COS 150-3 - Climate space for mountain pine beetle in North America

Thursday, August 10, 2017: 2:10 PM
E141, Oregon Convention Center
Dongmei Chen, Patrick J. Bartlein and Chris Bone, Dept. of Geography, University of Oregon, Eugene, OR
Background/Question/Methods

Mountain pine beetle (Dendroctonus ponderosae, MPB) is a native insect in the pine forests of western North America. In recent decades, MPB has experienced a large-scale range expansion that has caused massive tree mortality. Climatic variations have been suggested as a driving factor in creating a favorable environment for MPB through milder winters, warmer growing seasons and increased drought events. However, it is still unclear if MPB has migrated into a new climate space with significantly different climatic conditions from the past. For this project, we utilize spatially interpolated Climate Research Unit (CRU) data to plot the climate space of MPB with twelve critical climatic variables identified from literature, such as minimum winter temperature, maximum August temperature, and growing season precipitation, and provide specific measures describing the current geographical space of MPB across North America.

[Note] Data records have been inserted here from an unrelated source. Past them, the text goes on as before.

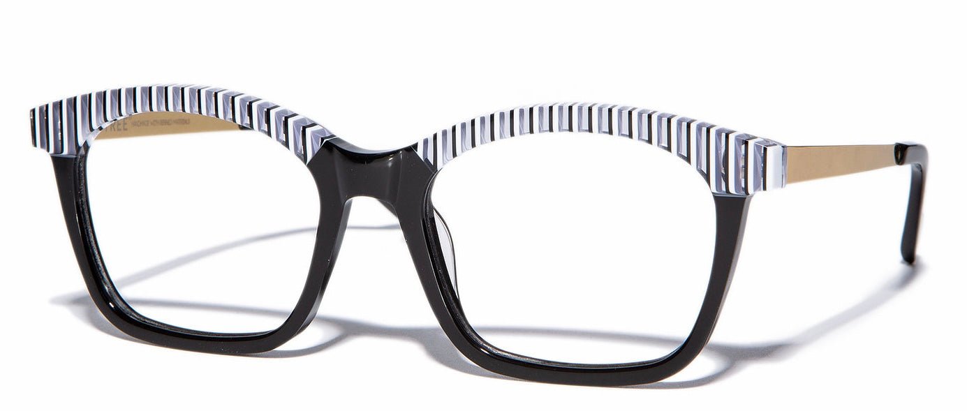 Women's eyeglasses in black plate with White milling on the eyelashes in gold steel rods
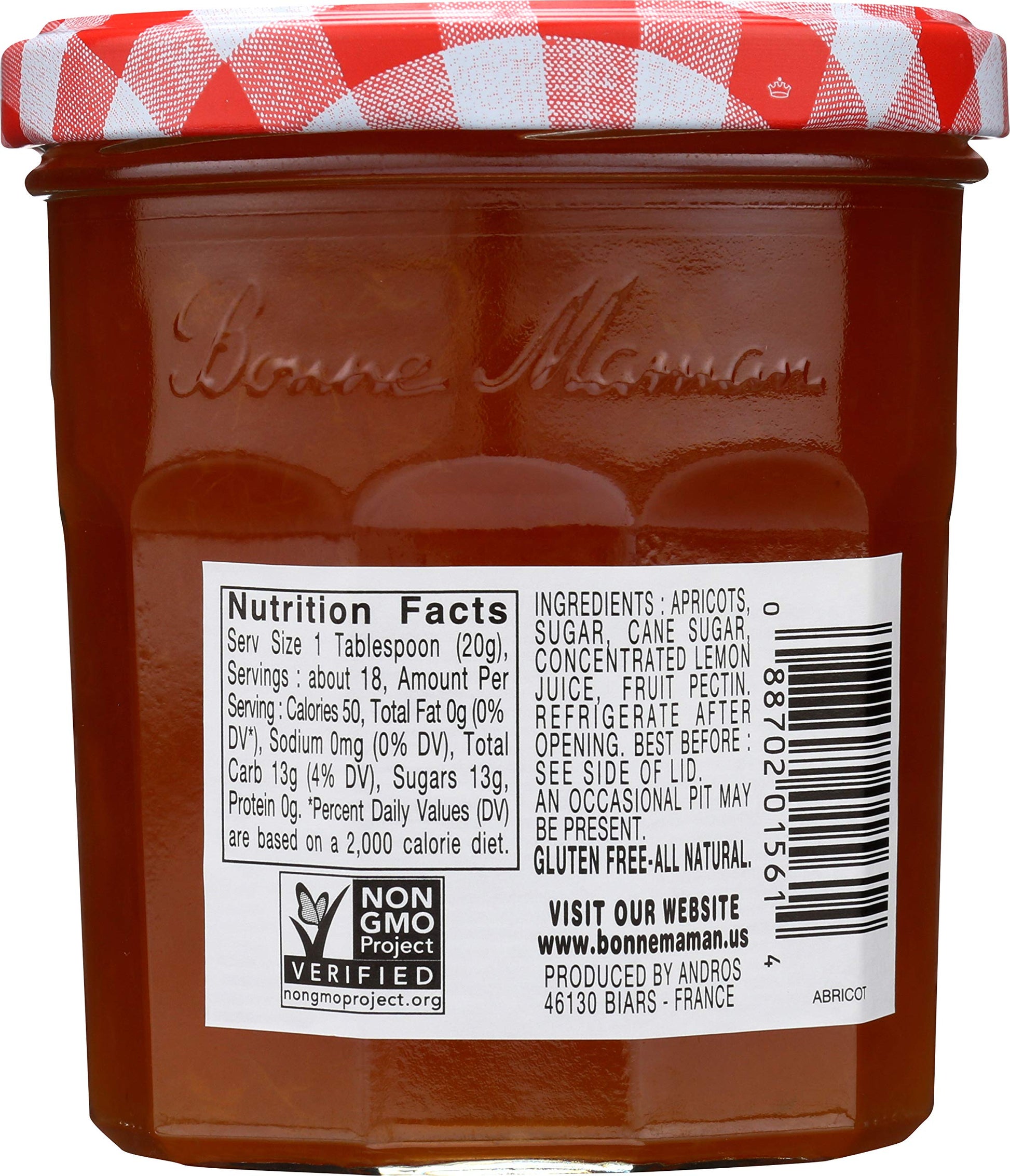 Q: What are the main ingredients in Bonne Maman Apricot Preserves?A: Bonne Maman Apricot Preserves are made from high-quality apricots, sugar, and fruit pectin. They contain no artificial preservatives, colorings, or concentrates, ensuring a natural and delicious flavor.
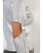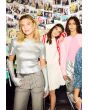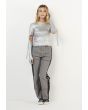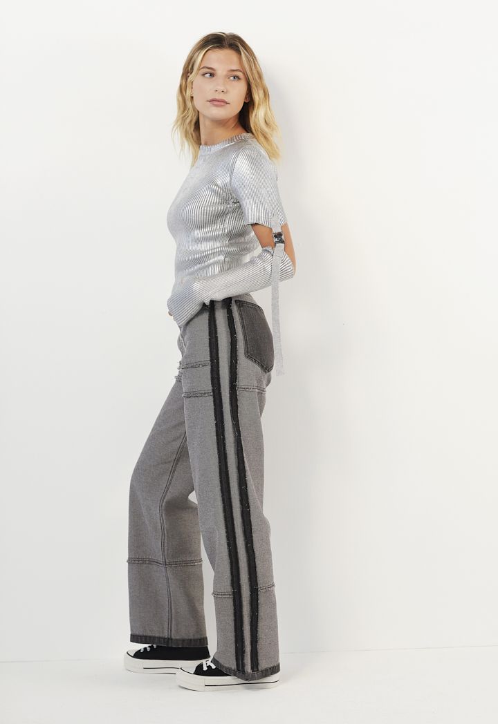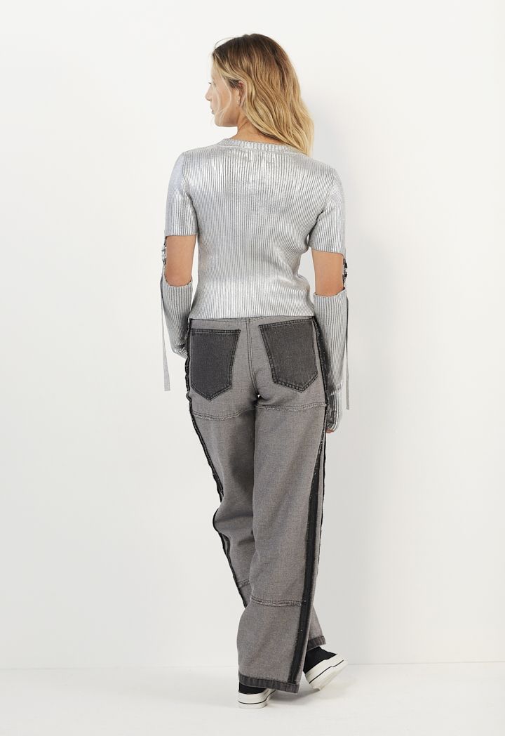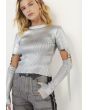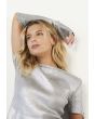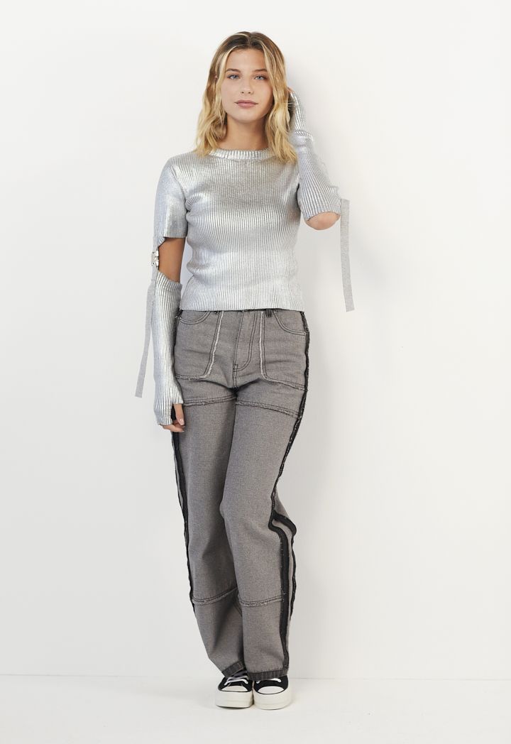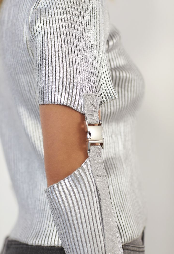 An alluring ribbed metallic t shirt that features a detachable cut off sleeves .
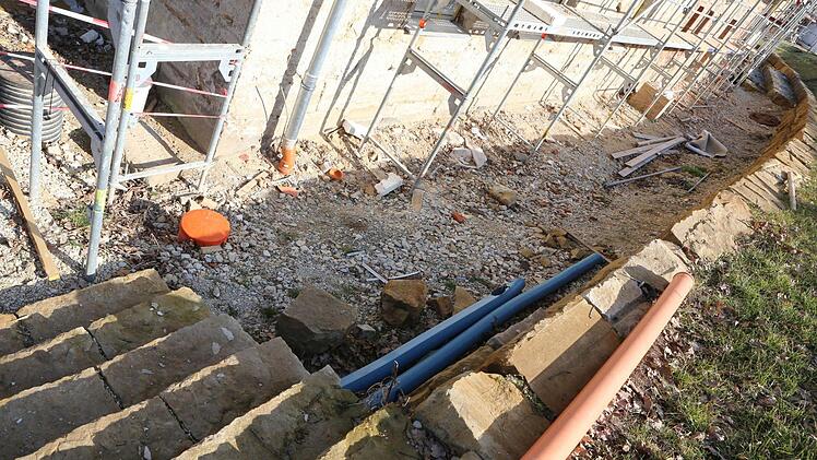 Das Hangwasser wird nun abgeschlagen und unter dem Schloss in ein Reservoir für die Gartenbewässerung geleitet. Da kommen rasch Mehrkosten in sechsstelliger Höhe zusammen. Plaß vermutet, dass 700.000 Euro zu hoch gegriffen sind, aber mehr als vier Millionen Euro werde die Schlosssanierung wohl doch kosten. Das Schloss sei es wert. Weit und breit gebe es nichts Vergleichbares. Der Architekt verweist im Übrigen darauf, dass etwa bei den Zimmerer-, Dachdecker und Verputzarbeiten Einsparungen gegenüber der Kalkulation erreicht werden konnten.
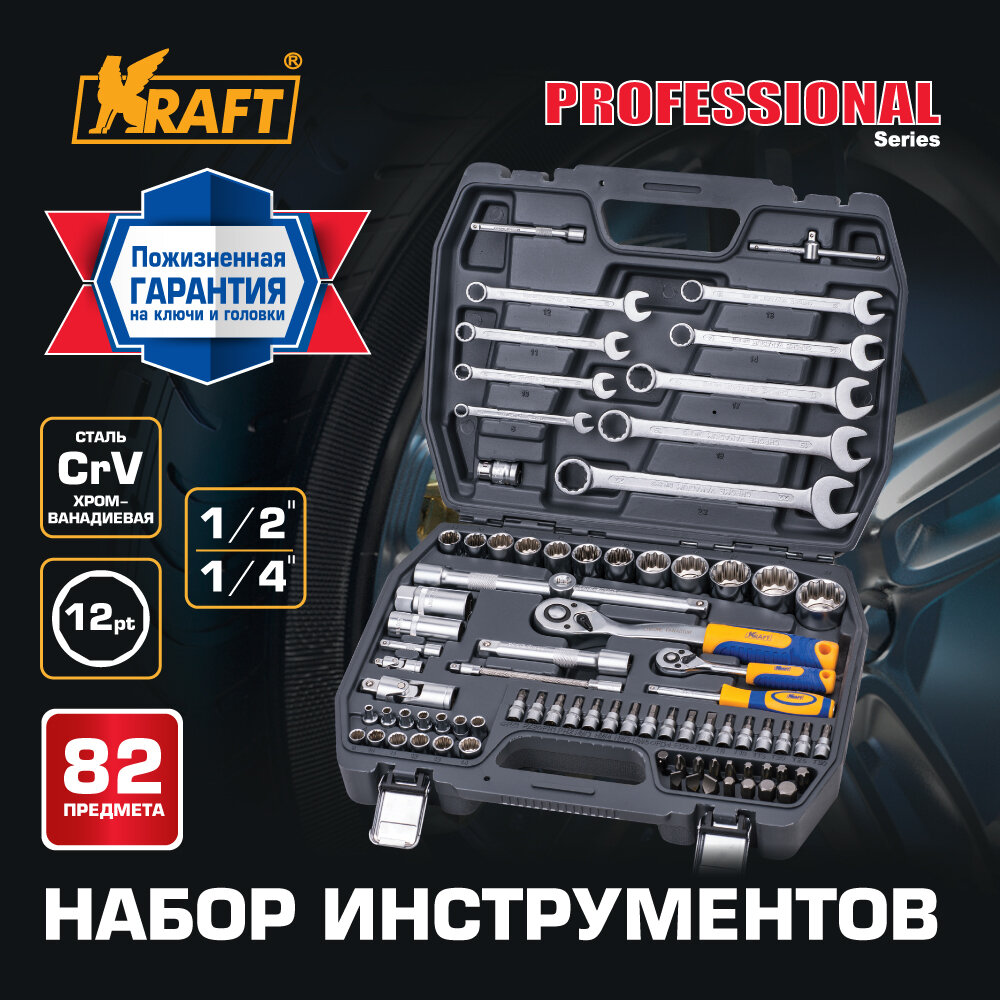Набор инструмента 1/2Dr и 1/4Dr 82 предмета с 12 гран. головками (tool) KRAFT / арт. KT700681 - (1 шт)

We apply topographically adjusted bilinear interpolation on the CRU 10 min 1961-1990 long-term means and the CRU 0.5-degree 1901-2014 monthly time series to create climate data on a 10km grid. The dynamics of climate space in different host species and all core hosts during 2000 – 2014 are examined to understand the climate constraints.

Results/Conclusions

Climate space is constructed from the plot of pairs of climatic variables, and climatic conditions are summarized from statistical indicators. MPB has emerged in a drier and warmer climate space in North America in recent years; however, it may have also adapted to colder winter temperatures. Looking forward, there is a potential for MPB expanding its climate space into the jack pine component of the boreal forest, based on the shared area of climate space between beetle presence and absence in host species. We have found MPB-adapted climate conditions have been shifted from long-term means and identified climatic constraints, for instance, there is an absence of beetles under the climate conditions of: growing season precipitation higher than 800 mm, mean maximum August temperature lower than 10 °C, and minimum winter temperature lower than -30 °C. These preliminary results suggest that the insect can adapt to climate change by modifying its climate space, although there are certain thresholds in the critical climatic variables, or boundaries in the climate space. The study can provide specifications for climate suitability modeling at a large scale in future research, such as identifying the most significant climatic variables and predicting beetle presence from spatial simulation.